Slogans painted on rural village walls narrate 40 years of change
Roaming around the countryside in central China’s Henan Province, one will surely be greeted by slogans painted on village walls.
As the national crackdown on criminal gangs gained momentum, Ma Liubin, 68, began busily painting the walls in his village at the start of this year.
Born in Dama County, Ma has been interested in Chinese calligraphy since his childhood and been painting slogans on walls for almost five decades.
“All of these are the courtyard walls of villagers. I always tell them before I come to paint, and they are all supportive of my voluntary work,” said Ma.
Villages have often adopted the practice of painting slogans on walls to document milestone moments since the founding of the People’s Republic of China in 1949, creating a unique cultural scenery in rural areas.

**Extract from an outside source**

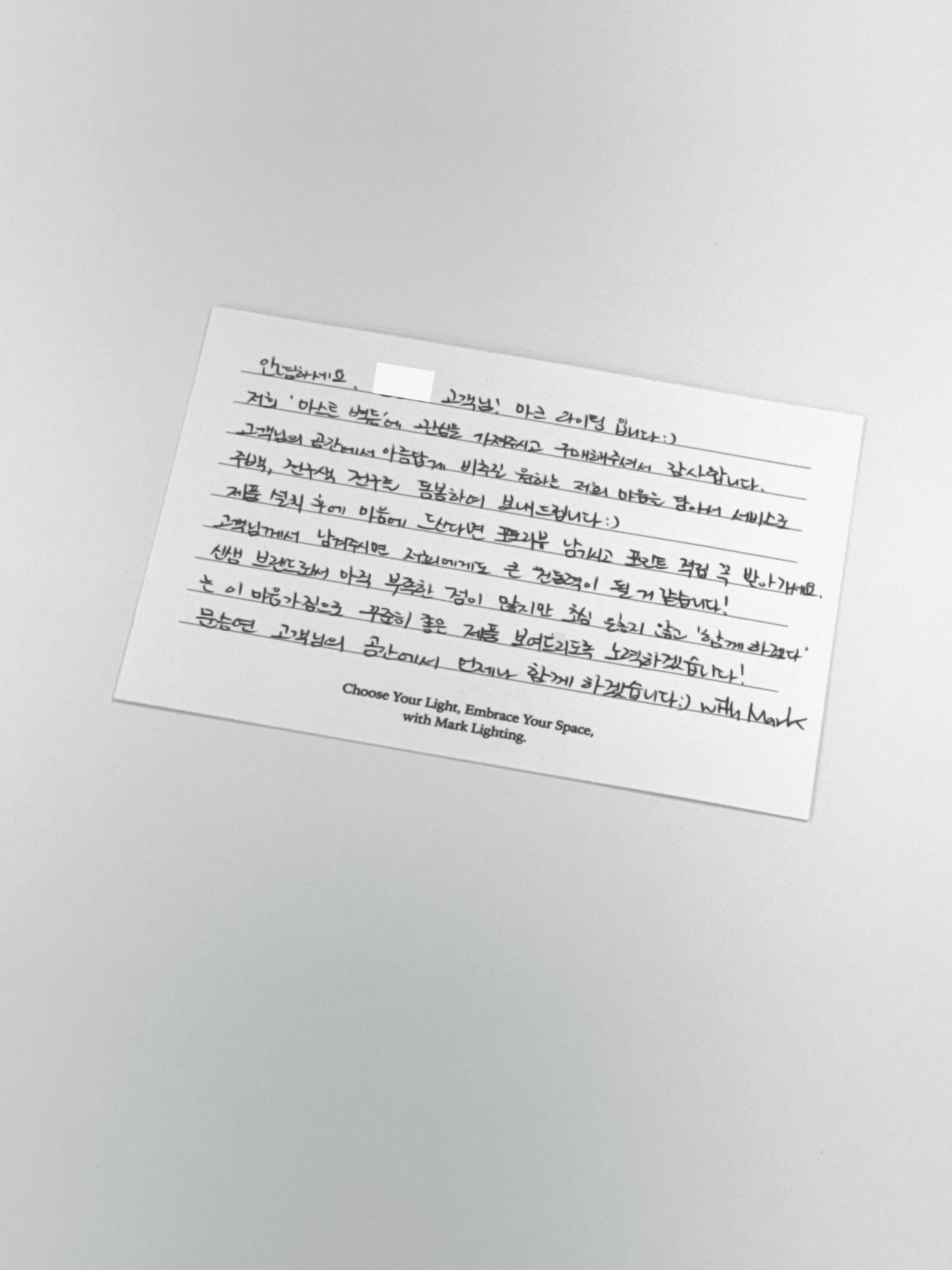 (Mark Lighting)'์ด์์. ๋ธ๋๋ ์ด๋ฆ๋ถํฐ ์๋ฏธ์ฌ์ฅํด์. '๋งํฌ(Mark)'๋ ํ์ , ์๊ตญ์ด๋ผ๋ ๋ป์ ๋ด๊ณ ์๊ฑฐ๋ ์. ์กฐ๋ช

“The slogan is like a mirror reflecting the social mores and political language of the times. It is history on the walls. The villagers learn about the political climate at that time through the slogans,” said Lang Junli, deputy Party secretary of Henan’s Weishi County.
Another slogan painter, 60-year-old Bu Xiansheng from Weishi, still remembers the day he painted the famous slogan, “Practice is the sole criterion for testing truth” in boldface.
In 1978, the slogan, which aimed to emancipate Chinese people’s minds, ignited a nationwide debate, and later helped lay the ideological foundation for the country’s reform and opening-up.
It was the last day of the summer harvest when Bu painted the sentence, “Keep your crop surplus after you fulfill state and local commune quotas” on the walls in the late 1970s. A crowd of avid villagers awaited behind him to see the slogan.
In the early 1980s, under the household contract responsibility system that replaced the collective labor and meal in People’s Commune, the land was leased to farmers, and each household was required to return a proportional amount of grain to the government.
The most written-about slogans in Bu’s memory, however, are those about the one-child policy, such as, “All couples should have one child only.”
“We painted about family planning, a basic national policy, on the walls for over 30 years,” said Liu Guozhan, 62, former curator of a local culture center in Weishi County.
By the early 1990s, a series of slogans that discourage gender discrimination toward newborn babies had been painted, which helped change the mindset of male preference in rural areas, according to Liu.
In recent years, catchphrases that advocate tackling poverty emerged, encouraging villagers to earn a well-off life through hard work, instead of merely depending on government subsidies, said Bu.
Since the early 1990s, commercial advertisements for shopping malls, car dealers and insurance firms began showing up on walls as businesses flocked to the rural market.
“At the beginning, commercial ads promoting household appliances, including refrigerators, color televisions and washing machines, were mainstream. Recently, there have been more ads for cars and houses, and especially for e-commerce sites like Taobao,” said Ma.
Statistics show that the number of advertisements for agricultural products dropped from around three quarters in 2011 to no more than one tenth, while ads for automobiles saw a sharp increase from 3 percent to over 20 percent. E-commerce ads now account for more than 40 percent.